Depois do jantar, enquanto a Sra. Silveira recolhia a louça, Inês continuava por perto. A governanta então comentou:

— É a primeira vez que o jovem mestre cozinha para alguém. Nem o patrão, nem a Sra. Paz, e nem a senhorita provaram ainda do seu tempero.

Inês olhou para a Sra. Silveira, reconhecendo novamente aquele tom familiar.

— Talvez, Rodrigo pudesse preparar uma tigela de massa artesanal para os seus pais?

Rodrigo, que ainda não havia se afastado, virou-se, olhou para Inês e respondeu:

— Posso.

E assim foi.

Na manhã seguinte, Sra. Silveira embalou três porções da massa caseira e voltou para a Mansão Simões. Com o rosto irradiando uma empolgação inédita, ela foi até a sala de jantar, onde a Sra. Paz e Gustavo Simões já tomavam o café da manhã.

— Sra.

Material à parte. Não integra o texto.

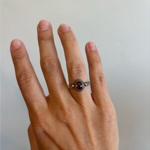Vintage Garnet 925 Sterling Silver Southwestern Ring Size 6

Paz, patrão, o jovem mestre pediu para eu trazer este desjejum para vocês!

Apenas essa frase foi o suficiente para surpreender os dois por um momento. No fundo de suas mentes, tentavam imaginar que iguaria preciosa seria aquela para que o filho mandasse a própria Sra. Silveira entregar pessoalmente.

Isso até a Sra. Silveira colocar as tigelas de massa diante deles e soltar uma declaração bombástica.

— Foi o jovem mestre quem fez esta massa do zero! Desde sovar a massa, abri-la com o rolo, cortá-la em tiras da largura de um dedo, até cozinhar na água fervente e escorrer. Até a cebolinha salpicada por cima foi ele mesmo quem cortou e colocou!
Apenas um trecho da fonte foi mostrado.